Difficulty: Easy | Acceptance: 75.20% | Paid: No Topics: Array, Enumeration
You are given a 0-indexed array mountain. Your task is to find all the peaks in the array.
Return an array that consists of indices of peaks in increasing order.
An index i is a peak if:
0 < i < mountain.length - 1 mountain[i - 1] < mountain[i] mountain[i] > mountain[i + 1]
- Examples
- Constraints
- Linear Scan
- Functional Approach
Examples
Example 1:
Input: mountain = [2,4,4]
Output: []
Explanation: mountain[0] and mountain[1] are both not peaks because they are not strictly greater than their neighbors. mountain[2] is also not a peak because it is not strictly greater than mountain[1].
Example 2:
Input: mountain = [1,4,3,8,5]
Output: [1,3]
Explanation: mountain[1] is a peak because 4 is strictly greater than 1 and 3. mountain[3] is a peak because 8 is strictly greater than 3 and 5.
Constraints
3 <= mountain.length <= 100
1 <= mountain[i] <= 100
Linear Scan
Intuition We iterate through the array once, checking every element (except the first and last) to see if it satisfies the peak condition.
Steps
- Initialize an empty list to store peak indices.

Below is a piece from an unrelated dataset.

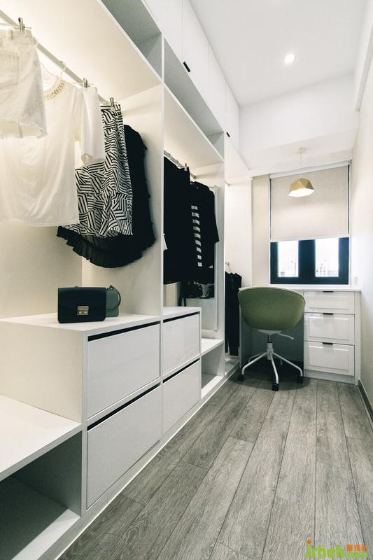 獨(dú)立的衣帽間入口做了推拉門,把衣柜完全打開,更方便挑選衣服。梳妝臺也放置在此,這里就是妝扮的天地,不論是喜歡奢華或是簡約,都可隨心搭配,也能和諧共處。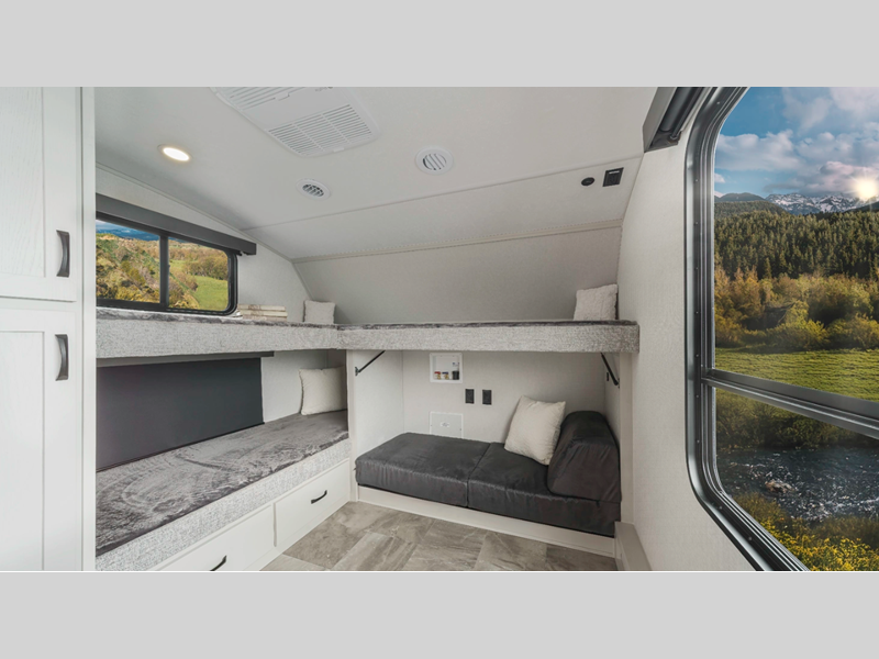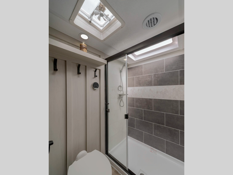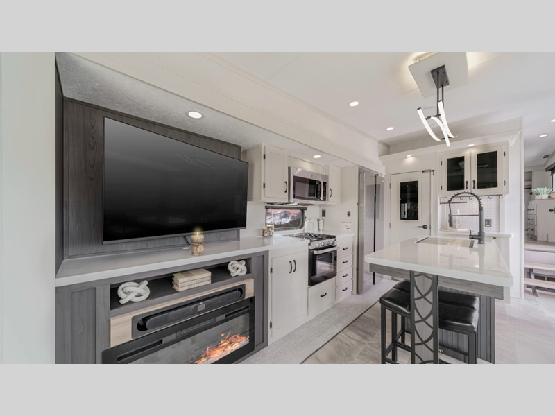 The Tri-Tex powder coated frame technology is up to 5X more weather resistant, and the Equa-Flex suspension with anodized shackles, bronze bushings, and greasable zerk fittings will make towing easier than ever. There is also a Solar Source+ package with an upgraded 200W roof-mounted solar panel and a lithium-ready converter with a 30AMP charge controller to support off-grid capability. There are many new features that are sure to catch your eye, along with new decor options, an upgraded Carbon and Walnut entertainment center, an upgraded heat pump in all factory installed GE A/Cs, and more.

- Iterate from index 1 to the second-to-last index (length - 2).
- For each index, check if the current element is strictly greater than both its left and right neighbors.

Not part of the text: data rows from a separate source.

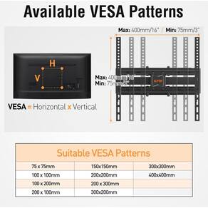 universal de parede para TV - Este suporte de TV é adequado para a maioria das TVs OLED/LED/plasma de 26 a 65 polegadas, com carregamento máximo de 100 libras e tamanhos VESA de 75 x 75 mm (3 x 3”) a 400 x 400 mm (16 x 16”). Este suporte de TV de parede foi projetado para pinos de madeira de 12", 14", 16" ou paredes de concreto/tijolo. Verifique o peso, o tamanho, o tamanho VESA, o espaçamento dos pinos e o acesso à entrada da TV antes de comprar.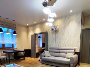 Есть все для комфортной жизни - хороший ремонт, красивый вид из окна, кондиционер и бризер в спальне, качественная встроенная техника korting (в т.ч. есть духовка и свч), качественная мебель (кухня с множеством мест хранения и вместительные шкафы в коридоре и в спальне, кровать 180 см, интересные световые решения).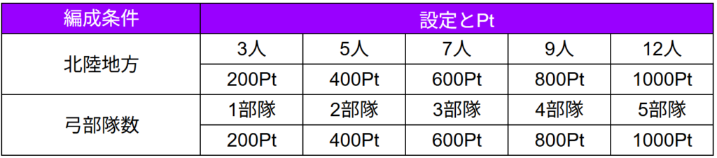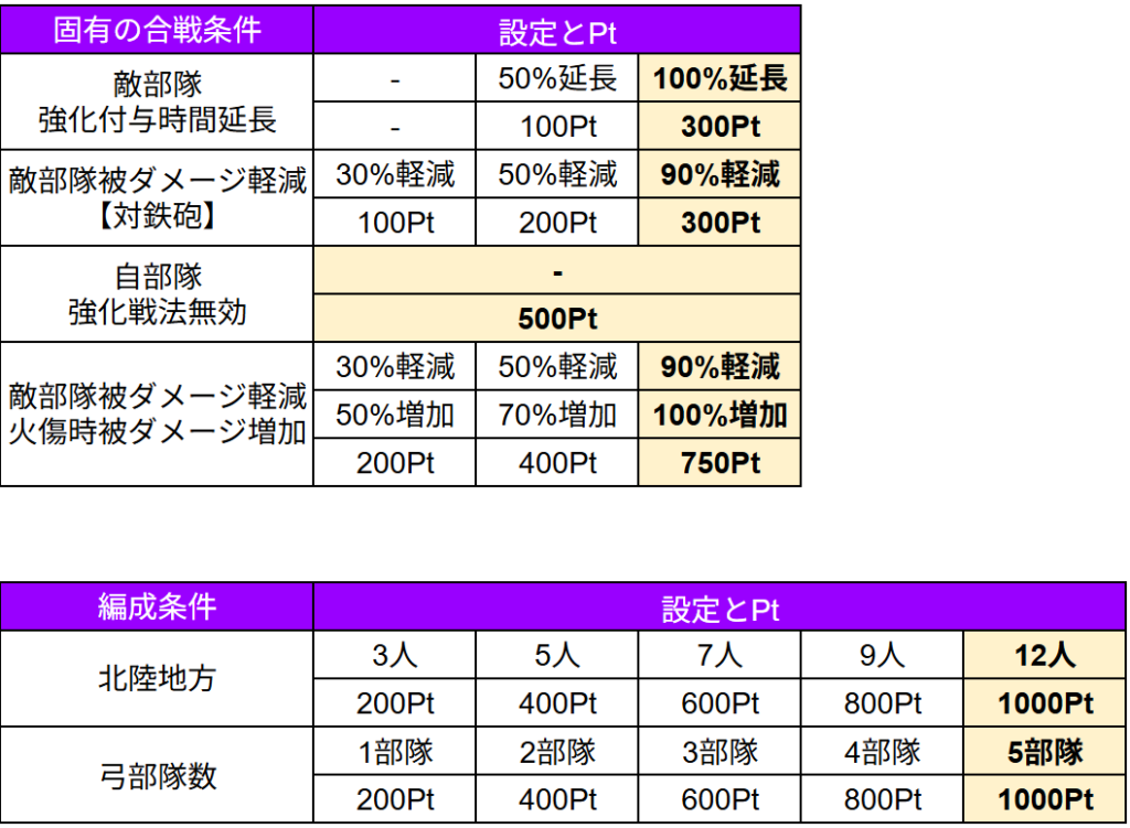 『用兵指南』は【合戦条件】と【編成条件】で『紋印』の獲得数が増減します。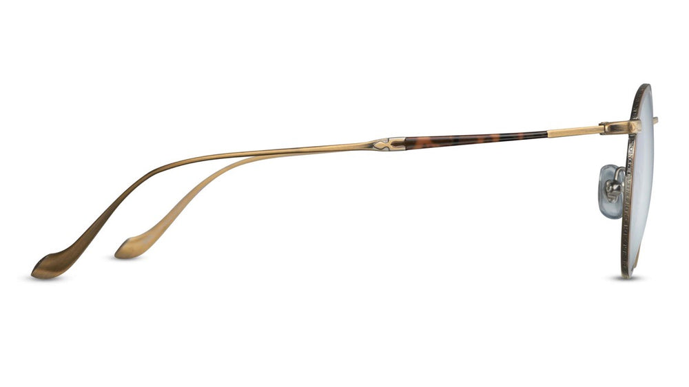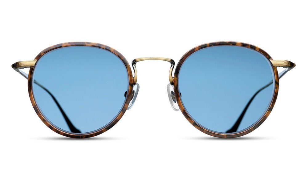 These are elegant round sunglasses featuring a tortoiseshell acetate rim combined with gold-tone metal details. The frame showcases a sophisticated fusion of vintage and modern design elements, with delicate metal temple arms and nose pads. The light blue-tinted lenses are perfectly complemented by the warm tortoise pattern of the frame. The overall design exhibits exceptional craftsmanship with refined details and proportions, characteristic of high-end eyewear. The silhouette appears to be inspired by classic 1920s eyewear while maintaining a contemporary appeal.

- If the condition is met, add the index to the result list.
- Return the result list.
python
class Solution:
def findPeaks(self, mountain: list[int]) -> list[int]:
peaks = []
n = len(mountain)
for i in range(1, n - 1):
if mountain[i - 1] < mountain[i] and mountain[i] > mountain[i + 1]:
peaks.append(i)
return peaks
Complexity
- Time: O(n)
- Space: O(1) (excluding the output list)
- Notes: This is the most efficient approach as we must inspect every element to determine if it is a peak.
Functional Approach
Intuition Utilize built-in functional programming constructs like filter, map, or comprehensions to declaratively select indices that meet the peak criteria.
Steps
- Generate a sequence of valid indices (from 1 to n-2).
- Filter this sequence based on the condition that the element at that index is greater than its neighbors.
- Collect the filtered indices into a list.
python
class Solution:
def findPeaks(self, mountain: list[int]) -> list[int]:
return [i for i in range(1, len(mountain) - 1) if mountain[i - 1] < mountain[i] > mountain[i + 1]]
Complexity
- Time: O(n)
- Space: O(1) (excluding the output list)
- Notes: While syntactically different, the underlying complexity remains linear. This approach often improves readability for those familiar with functional paradigms.